Another thing is that I think it's a CPU bound query ... and I'm not sure how MongoDB utilizes CPU resources compared with AsterixDB.



On Fri, Jan 26, 2018 at 10:36 AM, Taewoo Kim <[email protected] <mailto:[email protected]>> wrote:

    PS: UNNEST doc
    https://ci.apache.org/projects/asterixdb/sqlpp/manual.html#Unnest_clauses
    <https://ci.apache.org/projects/asterixdb/sqlpp/manual.html#Unnest_clauses>

    Best,
    Taewoo

    On Fri, Jan 26, 2018 at 10:00 AM, Taewoo Kim <[email protected]
    <mailto:[email protected]>> wrote:

        Hi Rana,

        Thank you for attaching your plan. It seems that the
        selections are correctly made before each join. If your query
        predicate is selective enough (e.g., I.LABEL = 'Haptoglobin'
        generates less than 1% of records as the result), I suggest
        you could try an index-nested-loop-join. Changes are
        highlighted. And one more question: if LABEVENTS.FLAG is an
        array, you can't just use "E.FLAG="abnormal". I think you need
        to use UNNEST.

        USE mimiciii;
        SET `compiler.parallelism` "5";
        SET `compiler.sortmemory` "128MB";
        SET `compiler.joinmemory` "265MB";
        SELECT P.SUBJECT_ID
        FROM LABITEMS I, PATIENTS P, P.ADMISSIONS A, A.LABEVENTS E
        WHERE I.ITEMID */* +indexnl */ *=E.ITEMID AND
        E.FLAG = 'abnormal' AND
        I.FLUID='Blood' AND
        I.LABEL='Haptoglobin'

        Best,
        Taewoo

        On Fri, Jan 26, 2018 at 9:16 AM, Chen Luo <[email protected]
        <mailto:[email protected]>> wrote:

            Hi Rana,

            I think the performance issue might related to the access
            of nested fields, since the rest performance hot spots
            (index search, hash join etc looks normal to me), and I
            assume " I.FLUID='Blood' AND I.LABEL='Haptoglobin'" should
            be very selective. Since MongoDB supports array index, did
            you build an index on L.FLAG using MongoDB?

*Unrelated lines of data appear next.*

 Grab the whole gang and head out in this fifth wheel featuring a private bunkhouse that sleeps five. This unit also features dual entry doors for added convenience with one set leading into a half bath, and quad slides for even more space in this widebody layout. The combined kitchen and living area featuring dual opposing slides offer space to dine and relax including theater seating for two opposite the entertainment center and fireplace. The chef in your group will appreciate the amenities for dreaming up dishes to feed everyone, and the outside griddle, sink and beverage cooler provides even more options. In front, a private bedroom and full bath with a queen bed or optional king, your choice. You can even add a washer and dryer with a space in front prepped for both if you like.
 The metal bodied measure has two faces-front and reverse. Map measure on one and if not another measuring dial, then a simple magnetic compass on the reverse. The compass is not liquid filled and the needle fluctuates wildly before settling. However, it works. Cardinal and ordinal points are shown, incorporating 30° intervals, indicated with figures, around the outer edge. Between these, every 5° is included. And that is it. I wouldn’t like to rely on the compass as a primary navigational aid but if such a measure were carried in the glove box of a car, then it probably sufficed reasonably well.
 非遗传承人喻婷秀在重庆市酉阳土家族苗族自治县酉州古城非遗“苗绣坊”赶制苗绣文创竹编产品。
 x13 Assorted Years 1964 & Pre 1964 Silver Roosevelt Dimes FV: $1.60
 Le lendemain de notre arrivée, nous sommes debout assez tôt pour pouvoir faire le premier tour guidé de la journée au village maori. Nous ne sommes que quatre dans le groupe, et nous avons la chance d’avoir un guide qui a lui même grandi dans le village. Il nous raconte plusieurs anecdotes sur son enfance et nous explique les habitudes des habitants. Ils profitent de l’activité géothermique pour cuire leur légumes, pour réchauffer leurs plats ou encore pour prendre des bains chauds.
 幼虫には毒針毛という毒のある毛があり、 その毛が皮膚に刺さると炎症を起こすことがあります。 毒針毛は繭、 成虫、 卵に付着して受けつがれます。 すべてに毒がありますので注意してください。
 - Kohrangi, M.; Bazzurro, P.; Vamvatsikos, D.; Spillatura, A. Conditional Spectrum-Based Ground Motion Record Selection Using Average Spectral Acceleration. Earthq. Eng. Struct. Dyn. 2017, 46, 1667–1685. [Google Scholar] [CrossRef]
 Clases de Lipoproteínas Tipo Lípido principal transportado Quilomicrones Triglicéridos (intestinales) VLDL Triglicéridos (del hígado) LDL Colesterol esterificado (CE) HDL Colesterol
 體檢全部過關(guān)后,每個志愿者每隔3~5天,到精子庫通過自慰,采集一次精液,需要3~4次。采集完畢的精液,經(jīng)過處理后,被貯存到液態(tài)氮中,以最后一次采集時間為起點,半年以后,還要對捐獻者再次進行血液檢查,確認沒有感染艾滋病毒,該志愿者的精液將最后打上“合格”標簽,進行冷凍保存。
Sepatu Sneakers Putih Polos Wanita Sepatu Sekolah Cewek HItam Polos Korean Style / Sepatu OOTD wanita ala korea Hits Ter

            @Wail, do you have any clue on nested fields access?

            Best regards,
            Chen Luo

            On Fri, Jan 26, 2018 at 1:47 AM, Rana Alotaibi
            <[email protected] <mailto:[email protected]>> wrote:

                Hi Taewoo,

                 *

                    Can you paste the optimized plan? -- Attached the
                    plan (Plan_01.txt)

                 *

                    Can you create an index on LABEVENTS.FLAG? -- I
                    couldn't create an index on LABEVENTS.FLAG since
                    LABEVENTS is of type array. I got this message
                    when I tried to create the index : "msg":
                    "ASX0001: Field type array can't be promoted to
                    type object"

                  * Can you switch the predicate order? -- It seems
                    for me that the plan remains the same even if I
                    changed the order of the predicates. (Attached the
                    plan after changing the order of the predicates
                    Plan_02.txt)

                Thanks

                Rana

                On Thu, Jan 25, 2018 at 11:24 PM, Rana Alotaibi
                <[email protected] <mailto:[email protected]>>
                wrote:

                    Hi Chen,

                    *How did you import data into the dataset? using
                    "load" or "feed"?*
                    I used "LOAD" (i.e USE mimiciii; LOAD DATASET
                    PATIENTS USING localfs ((\"path\"=\"127.0.0.1
                    <http://127.0.0.1>:///data/ralotaib/patients.json\"),
                    (\"format\"=\"json\"))).

                    *Which version of AsterixDB are you using?
                    *
                    AsterixDB Master (0.9.3-SNAPSHOT)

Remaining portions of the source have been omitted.